YOUR GOAL: The entries below should be set down again exactly, with every picture left out.

Data extracted from a collection:
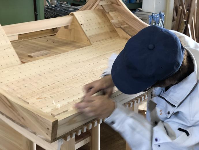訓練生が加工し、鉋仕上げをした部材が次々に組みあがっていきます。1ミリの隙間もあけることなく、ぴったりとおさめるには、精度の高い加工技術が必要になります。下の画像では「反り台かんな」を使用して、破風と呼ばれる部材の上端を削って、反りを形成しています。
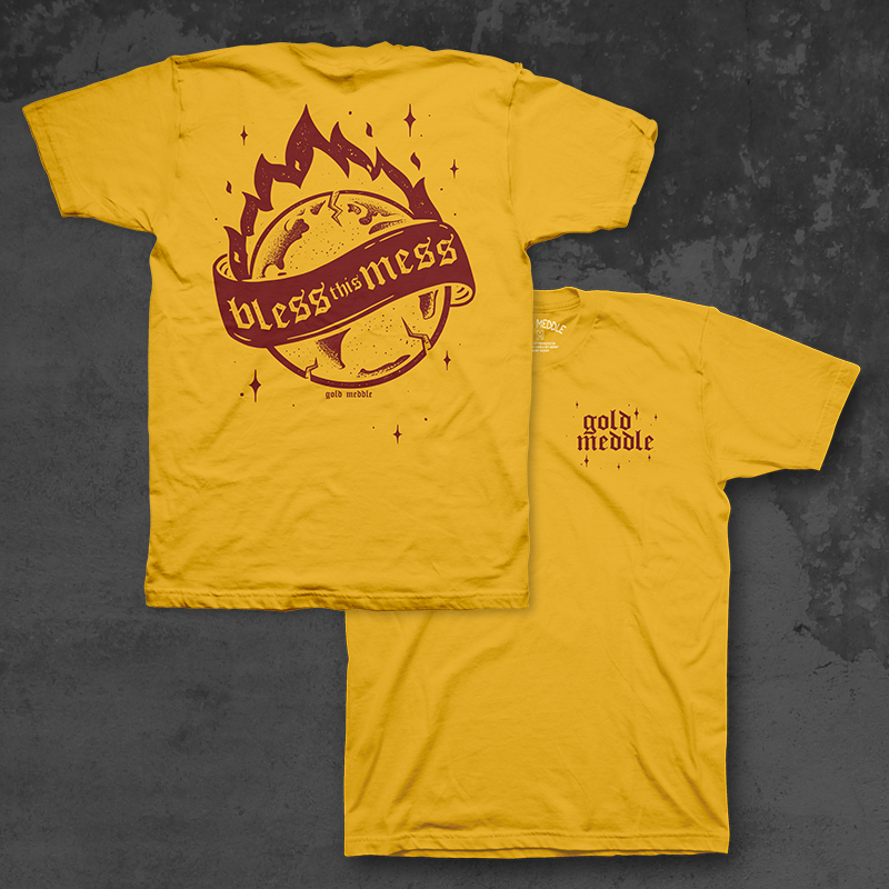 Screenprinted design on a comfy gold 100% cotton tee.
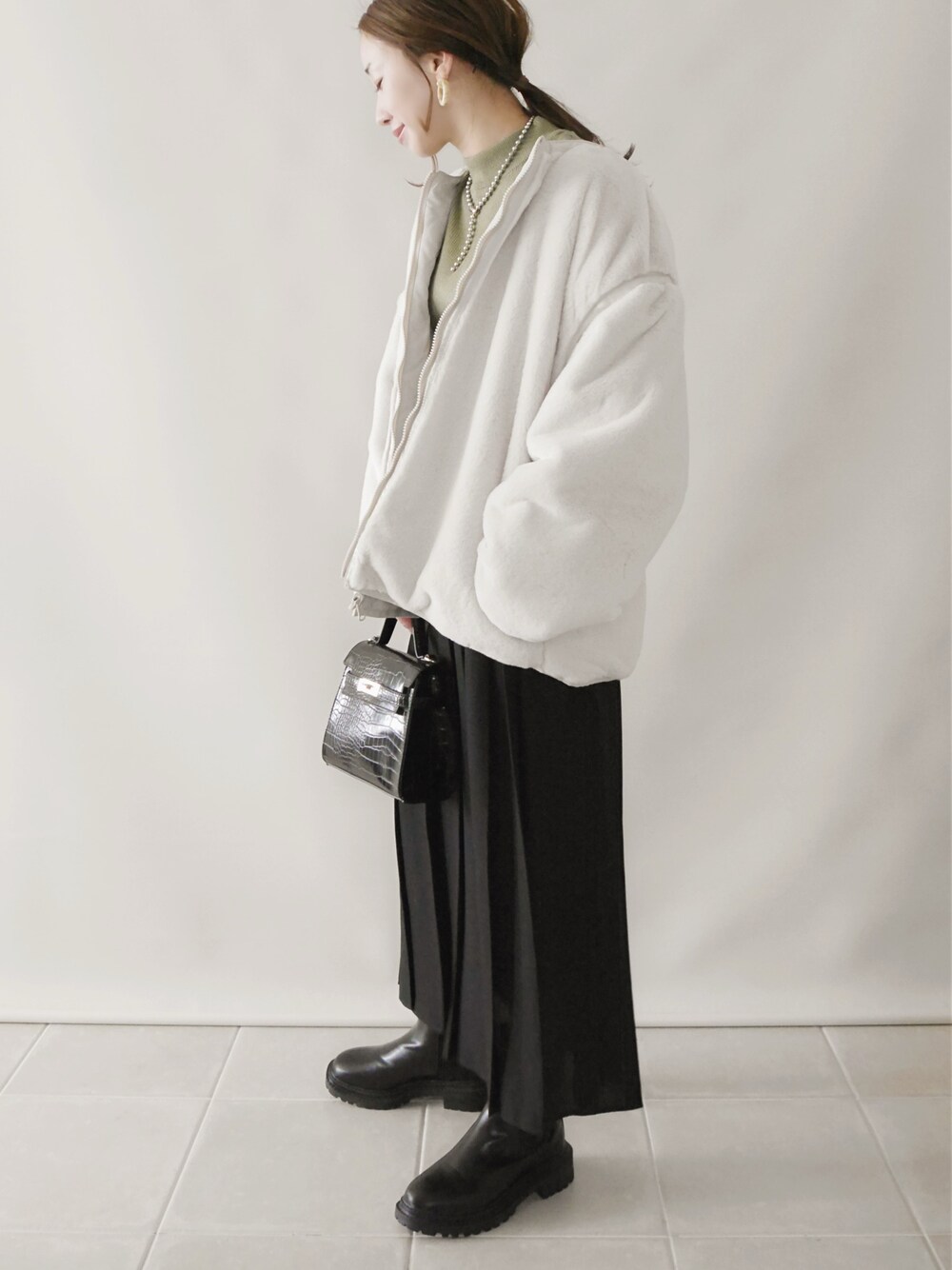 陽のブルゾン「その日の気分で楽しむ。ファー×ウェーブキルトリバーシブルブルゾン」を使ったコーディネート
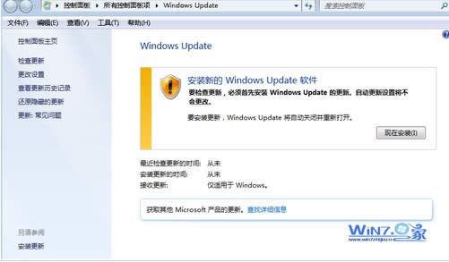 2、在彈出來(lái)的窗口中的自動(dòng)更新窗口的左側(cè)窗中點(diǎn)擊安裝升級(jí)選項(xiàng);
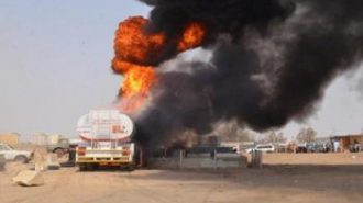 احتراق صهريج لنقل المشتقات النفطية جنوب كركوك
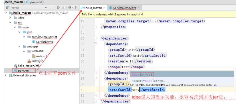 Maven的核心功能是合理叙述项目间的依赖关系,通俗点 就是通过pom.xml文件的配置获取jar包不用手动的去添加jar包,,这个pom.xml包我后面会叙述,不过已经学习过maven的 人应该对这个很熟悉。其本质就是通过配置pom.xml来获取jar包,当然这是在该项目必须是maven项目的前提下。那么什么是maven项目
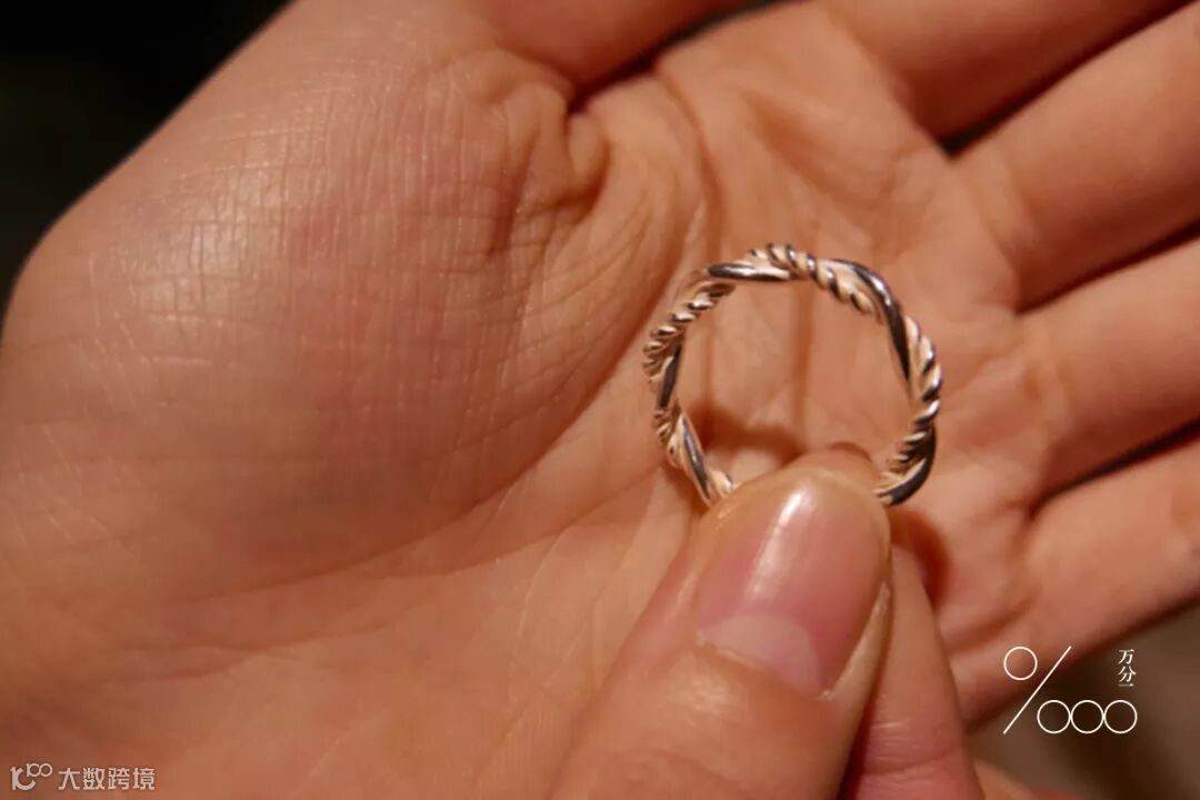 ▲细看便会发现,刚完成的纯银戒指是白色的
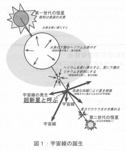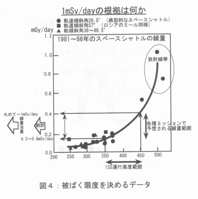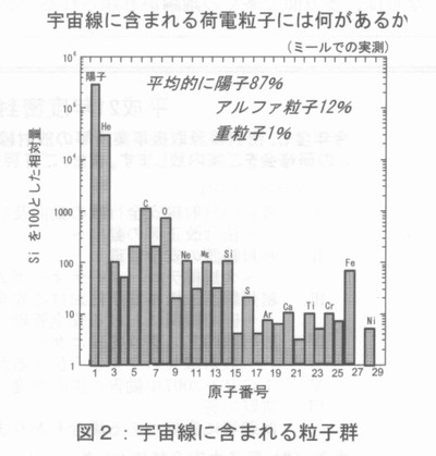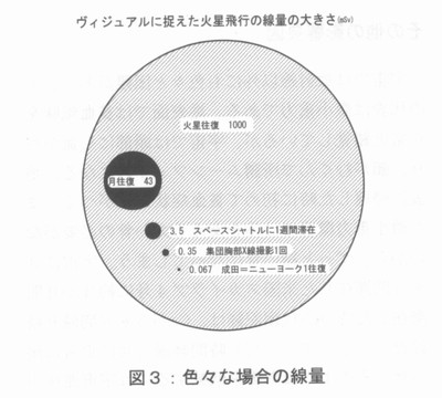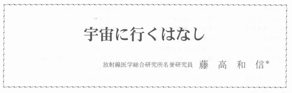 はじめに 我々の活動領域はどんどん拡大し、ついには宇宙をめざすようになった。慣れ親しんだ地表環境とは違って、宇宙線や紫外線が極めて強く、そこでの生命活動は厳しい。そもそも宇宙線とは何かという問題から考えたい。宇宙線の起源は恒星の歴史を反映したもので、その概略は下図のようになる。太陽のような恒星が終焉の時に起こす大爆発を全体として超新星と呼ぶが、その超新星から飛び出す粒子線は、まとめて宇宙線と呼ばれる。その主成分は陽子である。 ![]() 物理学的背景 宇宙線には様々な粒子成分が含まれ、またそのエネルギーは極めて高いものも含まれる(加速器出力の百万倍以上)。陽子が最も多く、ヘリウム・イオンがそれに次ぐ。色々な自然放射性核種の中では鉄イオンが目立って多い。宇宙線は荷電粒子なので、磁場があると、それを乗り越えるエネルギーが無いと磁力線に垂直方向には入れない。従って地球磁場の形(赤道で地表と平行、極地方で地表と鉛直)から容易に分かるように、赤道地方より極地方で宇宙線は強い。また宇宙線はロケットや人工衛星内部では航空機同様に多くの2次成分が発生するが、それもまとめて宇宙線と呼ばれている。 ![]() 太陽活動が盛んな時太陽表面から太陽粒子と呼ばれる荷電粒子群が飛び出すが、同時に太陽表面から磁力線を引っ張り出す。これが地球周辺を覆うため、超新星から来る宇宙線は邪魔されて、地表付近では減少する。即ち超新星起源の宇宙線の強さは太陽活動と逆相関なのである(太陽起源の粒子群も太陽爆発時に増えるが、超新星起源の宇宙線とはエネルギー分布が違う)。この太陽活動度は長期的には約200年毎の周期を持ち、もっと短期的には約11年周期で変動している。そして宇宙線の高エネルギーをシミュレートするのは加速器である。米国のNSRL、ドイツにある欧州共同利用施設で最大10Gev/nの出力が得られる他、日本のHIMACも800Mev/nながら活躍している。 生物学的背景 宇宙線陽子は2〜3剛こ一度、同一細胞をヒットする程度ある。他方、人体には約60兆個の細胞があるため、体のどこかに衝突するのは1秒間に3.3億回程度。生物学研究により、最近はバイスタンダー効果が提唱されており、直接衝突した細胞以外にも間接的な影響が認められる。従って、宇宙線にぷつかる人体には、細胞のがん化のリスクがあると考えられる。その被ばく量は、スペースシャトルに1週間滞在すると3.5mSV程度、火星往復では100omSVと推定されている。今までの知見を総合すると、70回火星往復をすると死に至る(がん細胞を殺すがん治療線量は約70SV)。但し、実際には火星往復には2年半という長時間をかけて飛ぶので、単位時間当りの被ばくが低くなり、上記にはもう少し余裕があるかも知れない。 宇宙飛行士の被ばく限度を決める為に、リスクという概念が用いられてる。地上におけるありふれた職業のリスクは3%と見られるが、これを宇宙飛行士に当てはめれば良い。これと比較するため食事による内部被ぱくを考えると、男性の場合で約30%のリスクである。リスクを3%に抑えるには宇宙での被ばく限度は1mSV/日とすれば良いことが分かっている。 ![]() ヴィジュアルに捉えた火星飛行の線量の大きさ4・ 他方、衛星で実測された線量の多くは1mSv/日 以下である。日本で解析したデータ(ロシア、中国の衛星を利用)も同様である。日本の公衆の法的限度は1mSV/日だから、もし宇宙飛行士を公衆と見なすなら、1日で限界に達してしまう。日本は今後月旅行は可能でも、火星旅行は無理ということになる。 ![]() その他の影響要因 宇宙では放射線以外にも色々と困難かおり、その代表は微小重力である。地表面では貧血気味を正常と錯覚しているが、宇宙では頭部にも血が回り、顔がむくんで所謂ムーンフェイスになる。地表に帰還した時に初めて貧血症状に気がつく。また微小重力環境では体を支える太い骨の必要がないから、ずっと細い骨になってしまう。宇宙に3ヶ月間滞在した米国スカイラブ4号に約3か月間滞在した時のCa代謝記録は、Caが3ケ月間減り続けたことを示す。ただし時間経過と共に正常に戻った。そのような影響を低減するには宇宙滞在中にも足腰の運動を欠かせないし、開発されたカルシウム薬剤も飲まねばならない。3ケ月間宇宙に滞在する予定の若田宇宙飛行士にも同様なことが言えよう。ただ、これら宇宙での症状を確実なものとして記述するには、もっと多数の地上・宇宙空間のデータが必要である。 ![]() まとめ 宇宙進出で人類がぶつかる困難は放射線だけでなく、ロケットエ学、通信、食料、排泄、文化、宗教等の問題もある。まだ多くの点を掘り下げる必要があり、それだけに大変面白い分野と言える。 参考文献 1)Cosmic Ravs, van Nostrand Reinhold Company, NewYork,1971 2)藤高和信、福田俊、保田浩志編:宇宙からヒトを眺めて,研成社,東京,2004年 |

EXERCISE RESPONSE:
訓練生が加工し、鉋仕上げをした部材が次々に組みあがっていきます。1ミリの隙間もあけることなく、ぴったりとおさめるには、精度の高い加工技術が必要になります。下の画像では「反り台かんな」を使用して、破風と呼ばれる部材の上端を削って、反りを形成しています。
 Screenprinted design on a comfy gold 100% cotton tee.
 陽のブルゾン「その日の気分で楽しむ。ファー×ウェーブキルトリバーシブルブルゾン」を使ったコーディネート
 2、在彈出來(lái)的窗口中的自動(dòng)更新窗口的左側(cè)窗中點(diǎn)擊安裝升級(jí)選項(xiàng);
 احتراق صهريج لنقل المشتقات النفطية جنوب كركوك
 Maven的核心功能是合理叙述项目间的依赖关系,通俗点 就是通过pom.xml文件的配置获取jar包不用手动的去添加jar包,,这个pom.xml包我后面会叙述,不过已经学习过maven的 人应该对这个很熟悉。其本质就是通过配置pom.xml来获取jar包,当然这是在该项目必须是maven项目的前提下。那么什么是maven项目
 ▲细看便会发现,刚完成的纯银戒指是白色的
 はじめに 我々の活動領域はどんどん拡大し、ついには宇宙をめざすようになった。慣れ親しんだ地表環境とは違って、宇宙線や紫外線が極めて強く、そこでの生命活動は厳しい。そもそも宇宙線とは何かという問題から考えたい。宇宙線の起源は恒星の歴史を反映したもので、その概略は下図のようになる。太陽のような恒星が終焉の時に起こす大爆発を全体として超新星と呼ぶが、その超新星から飛び出す粒子線は、まとめて宇宙線と呼ばれる。その主成分は陽子である。 ![]() 物理学的背景 宇宙線には様々な粒子成分が含まれ、またそのエネルギーは極めて高いものも含まれる(加速器出力の百万倍以上)。陽子が最も多く、ヘリウム・イオンがそれに次ぐ。色々な自然放射性核種の中では鉄イオンが目立って多い。宇宙線は荷電粒子なので、磁場があると、それを乗り越えるエネルギーが無いと磁力線に垂直方向には入れない。従って地球磁場の形(赤道で地表と平行、極地方で地表と鉛直)から容易に分かるように、赤道地方より極地方で宇宙線は強い。また宇宙線はロケットや人工衛星内部では航空機同様に多くの2次成分が発生するが、それもまとめて宇宙線と呼ばれている。 ![]() 太陽活動が盛んな時太陽表面から太陽粒子と呼ばれる荷電粒子群が飛び出すが、同時に太陽表面から磁力線を引っ張り出す。これが地球周辺を覆うため、超新星から来る宇宙線は邪魔されて、地表付近では減少する。即ち超新星起源の宇宙線の強さは太陽活動と逆相関なのである(太陽起源の粒子群も太陽爆発時に増えるが、超新星起源の宇宙線とはエネルギー分布が違う)。この太陽活動度は長期的には約200年毎の周期を持ち、もっと短期的には約11年周期で変動している。そして宇宙線の高エネルギーをシミュレートするのは加速器である。米国のNSRL、ドイツにある欧州共同利用施設で最大10Gev/nの出力が得られる他、日本のHIMACも800Mev/nながら活躍している。 生物学的背景 宇宙線陽子は2〜3剛こ一度、同一細胞をヒットする程度ある。他方、人体には約60兆個の細胞があるため、体のどこかに衝突するのは1秒間に3.3億回程度。生物学研究により、最近はバイスタンダー効果が提唱されており、直接衝突した細胞以外にも間接的な影響が認められる。従って、宇宙線にぷつかる人体には、細胞のがん化のリスクがあると考えられる。その被ばく量は、スペースシャトルに1週間滞在すると3.5mSV程度、火星往復では100omSVと推定されている。今までの知見を総合すると、70回火星往復をすると死に至る(がん細胞を殺すがん治療線量は約70SV)。但し、実際には火星往復には2年半という長時間をかけて飛ぶので、単位時間当りの被ばくが低くなり、上記にはもう少し余裕があるかも知れない。 宇宙飛行士の被ばく限度を決める為に、リスクという概念が用いられてる。地上におけるありふれた職業のリスクは3%と見られるが、これを宇宙飛行士に当てはめれば良い。これと比較するため食事による内部被ぱくを考えると、男性の場合で約30%のリスクである。リスクを3%に抑えるには宇宙での被ばく限度は1mSV/日とすれば良いことが分かっている。 ![]() ヴィジュアルに捉えた火星飛行の線量の大きさ4・ 他方、衛星で実測された線量の多くは1mSv/日 以下である。日本で解析したデータ(ロシア、中国の衛星を利用)も同様である。日本の公衆の法的限度は1mSV/日だから、もし宇宙飛行士を公衆と見なすなら、1日で限界に達してしまう。日本は今後月旅行は可能でも、火星旅行は無理ということになる。 ![]() その他の影響要因 宇宙では放射線以外にも色々と困難かおり、その代表は微小重力である。地表面では貧血気味を正常と錯覚しているが、宇宙では頭部にも血が回り、顔がむくんで所謂ムーンフェイスになる。地表に帰還した時に初めて貧血症状に気がつく。また微小重力環境では体を支える太い骨の必要がないから、ずっと細い骨になってしまう。宇宙に3ヶ月間滞在した米国スカイラブ4号に約3か月間滞在した時のCa代謝記録は、Caが3ケ月間減り続けたことを示す。ただし時間経過と共に正常に戻った。そのような影響を低減するには宇宙滞在中にも足腰の運動を欠かせないし、開発されたカルシウム薬剤も飲まねばならない。3ケ月間宇宙に滞在する予定の若田宇宙飛行士にも同様なことが言えよう。ただ、これら宇宙での症状を確実なものとして記述するには、もっと多数の地上・宇宙空間のデータが必要である。 ![]() まとめ 宇宙進出で人類がぶつかる困難は放射線だけでなく、ロケットエ学、通信、食料、排泄、文化、宗教等の問題もある。まだ多くの点を掘り下げる必要があり、それだけに大変面白い分野と言える。 参考文献 1)Cosmic Ravs, van Nostrand Reinhold Company, NewYork,1971 2)藤高和信、福田俊、保田浩志編:宇宙からヒトを眺めて,研成社,東京,2004年 |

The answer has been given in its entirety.